▶ _RECORDED DATA_:
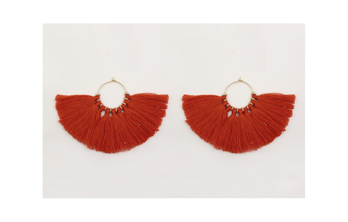Pendientes de aro con pompones naranjas y rueditas
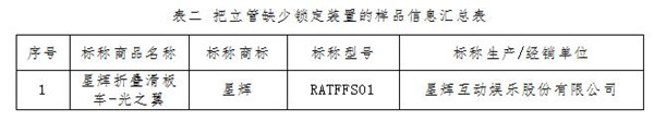 另有1件樣品把立管缺少鎖定裝置,5件樣品把立管強(qiáng)度不達(dá)標(biāo)。把立管作為兒童直接控制滑板車(chē)的部件,除了可調(diào)節(jié)高度、控制方向外,還承受著兒童部分體重,在特殊情況下還會(huì)承受更大的沖擊力或壓力。為避免意外坍塌,把立管應(yīng)當(dāng)有足夠的穩(wěn)定性和強(qiáng)度。標(biāo)準(zhǔn)要求,可調(diào)節(jié)高度的把立管如果不需要額外的工具調(diào)節(jié)高度,則至少要有兩個(gè)鎖定裝置,以防止高度的突然變化。測(cè)試中發(fā)現(xiàn),有1件樣品僅有一個(gè)自動(dòng)鎖定裝置(見(jiàn)表二),沒(méi)有雙重鎖定。
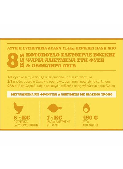 Λίπος Κοτόπουλου (7%), Αφυδατωμένη Γαλοπούλα (4%), Αυγά (4%), Ωμό Καλκάνι (4%),
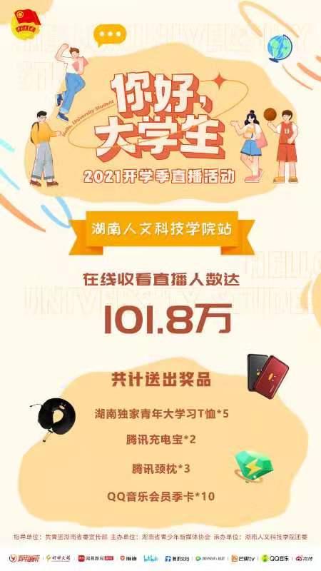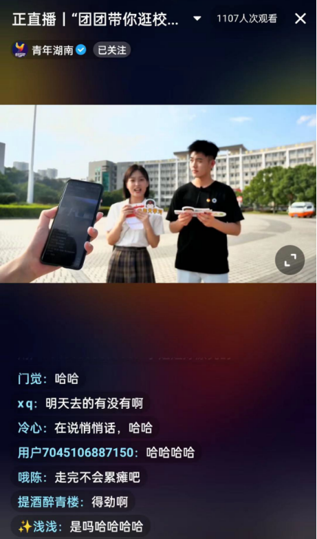 9月9日,由共青团湖南省委宣传部指导,湖南省青少年新媒体协会主办,KY官网团委承办的“你好,大学生”团团带你逛校园直播活动顺利进行。该活动在青年湖南、抖音、快手、B站、腾讯视频、网易湖南、芒果等多个平台同步直播。KY官网音乐舞蹈学院2018级学生李蕊和2019级学生邓启龙主持直播,带领新生和101.8万网民一起“云”游校园。
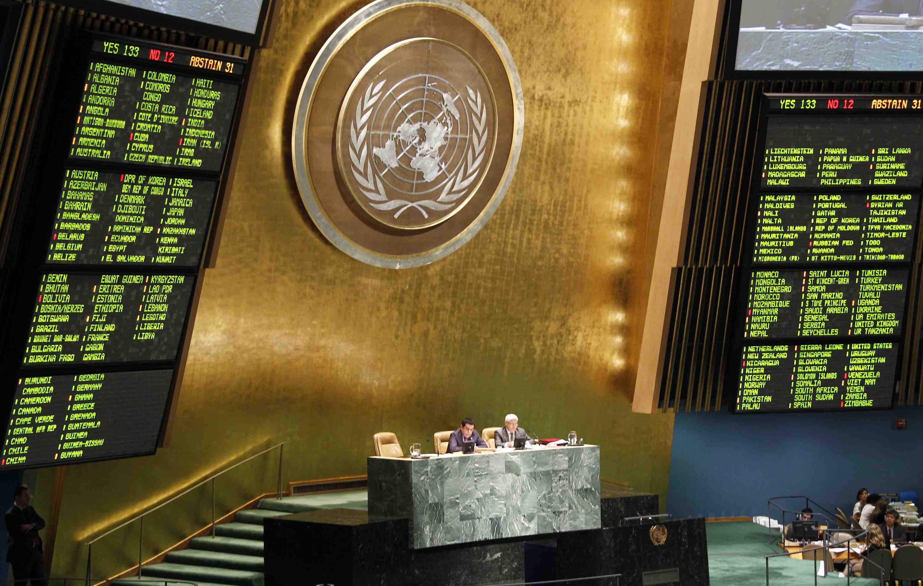 Birleşmiş Milletler (BM) Güvenlik Konseyi (BMGK) yoluyla kınayamadığı Suriye’yi, 10 binlerce kişi öldükten sonra Genel Kurulu’da aldığı kararla kınayarak, taraflardan silah bırakmalarını ve şiddete derhal son vermeleri istedi.
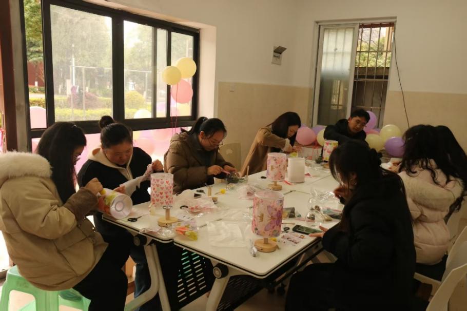 活动现场,多肉植物、小夜灯配件等材料整齐陈列,工作人员细致讲解绿植养护技巧与小夜灯组装方法。同学们热情投入,精心制作:绿植区内,填土、定植、装饰,将春日生机定格于方寸之间;DIY区里,拼接灯座、点缀配饰,一盏盏独具创意的小夜灯渐次成型。欢声笑语中,大家交流创意、分享技巧,既放松了身心,也拉近了彼此距离。
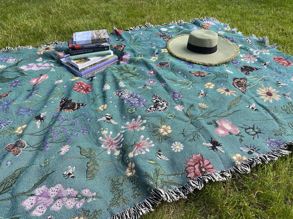 A summer garden, overflowing with colour, brought to you in woven wonder. The Pollination Bloom blanket features artwork with a multidirectional design, so it can be rotated any way. With a deep teal green base it captures the energy of pollinators busily enjoying flowers in full bloom.
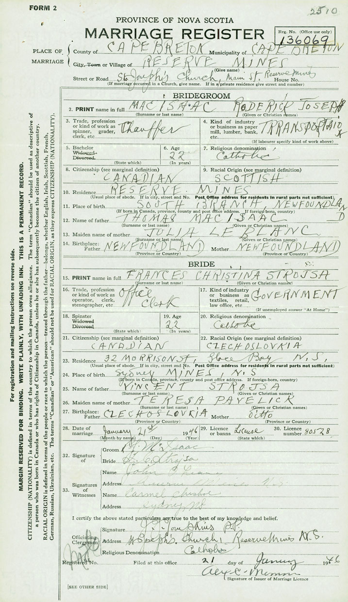 28. Date of marriage January 21 1946 29. By license or banns License 30. License number 80528
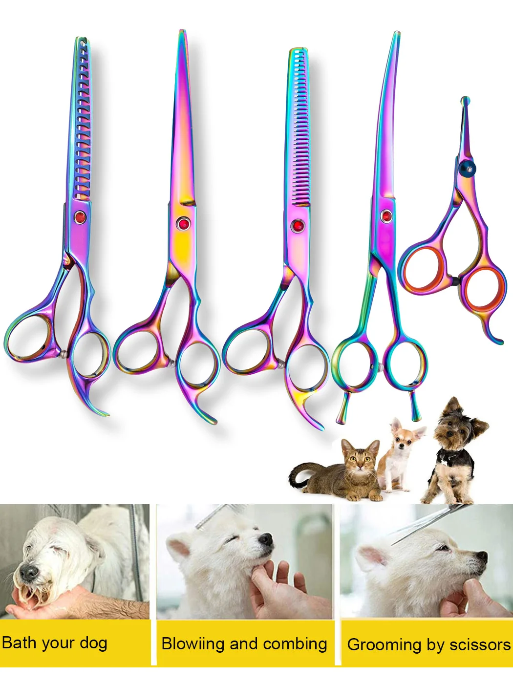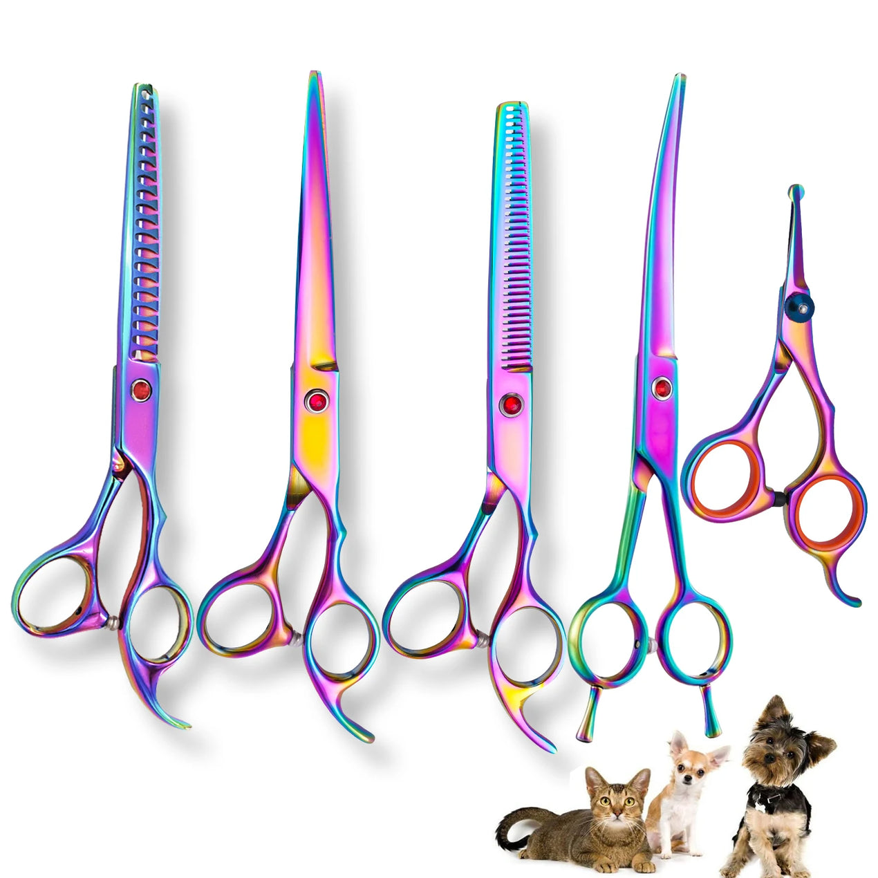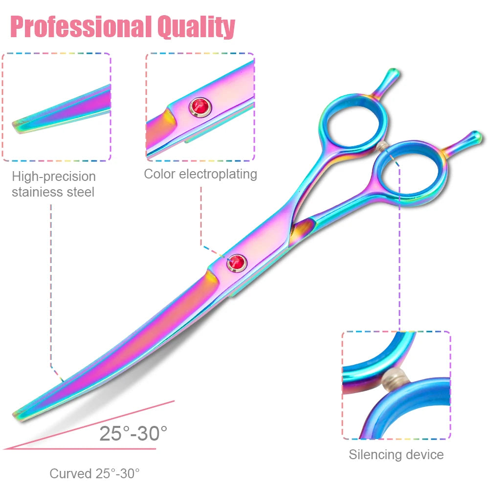 Professional Dog Grooming Scissors Curved and Straight Shears, Thinning and Straightening Hair Scissors For Dog and Cat Grooming

▶ _ABOUT THIS TASK_:
Copy every record exactly, without the pictures.

▶ _SOLUTION FOR THIS PROBLEM_:
Pendientes de aro con pompones naranjas y rueditas
 另有1件樣品把立管缺少鎖定裝置,5件樣品把立管強(qiáng)度不達(dá)標(biāo)。把立管作為兒童直接控制滑板車(chē)的部件,除了可調(diào)節(jié)高度、控制方向外,還承受著兒童部分體重,在特殊情況下還會(huì)承受更大的沖擊力或壓力。為避免意外坍塌,把立管應(yīng)當(dāng)有足夠的穩(wěn)定性和強(qiáng)度。標(biāo)準(zhǔn)要求,可調(diào)節(jié)高度的把立管如果不需要額外的工具調(diào)節(jié)高度,則至少要有兩個(gè)鎖定裝置,以防止高度的突然變化。測(cè)試中發(fā)現(xiàn),有1件樣品僅有一個(gè)自動(dòng)鎖定裝置(見(jiàn)表二),沒(méi)有雙重鎖定。
 Λίπος Κοτόπουλου (7%), Αφυδατωμένη Γαλοπούλα (4%), Αυγά (4%), Ωμό Καλκάνι (4%),
 9月9日,由共青团湖南省委宣传部指导,湖南省青少年新媒体协会主办,KY官网团委承办的“你好,大学生”团团带你逛校园直播活动顺利进行。该活动在青年湖南、抖音、快手、B站、腾讯视频、网易湖南、芒果等多个平台同步直播。KY官网音乐舞蹈学院2018级学生李蕊和2019级学生邓启龙主持直播,带领新生和101.8万网民一起“云”游校园。
 Birleşmiş Milletler (BM) Güvenlik Konseyi (BMGK) yoluyla kınayamadığı Suriye’yi, 10 binlerce kişi öldükten sonra Genel Kurulu’da aldığı kararla kınayarak, taraflardan silah bırakmalarını ve şiddete derhal son vermeleri istedi.
 活动现场,多肉植物、小夜灯配件等材料整齐陈列,工作人员细致讲解绿植养护技巧与小夜灯组装方法。同学们热情投入,精心制作:绿植区内,填土、定植、装饰,将春日生机定格于方寸之间;DIY区里,拼接灯座、点缀配饰,一盏盏独具创意的小夜灯渐次成型。欢声笑语中,大家交流创意、分享技巧,既放松了身心,也拉近了彼此距离。
 A summer garden, overflowing with colour, brought to you in woven wonder. The Pollination Bloom blanket features artwork with a multidirectional design, so it can be rotated any way. With a deep teal green base it captures the energy of pollinators busily enjoying flowers in full bloom.
 28. Date of marriage January 21 1946 29. By license or banns License 30. License number 80528
 Professional Dog Grooming Scissors Curved and Straight Shears, Thinning and Straightening Hair Scissors For Dog and Cat Grooming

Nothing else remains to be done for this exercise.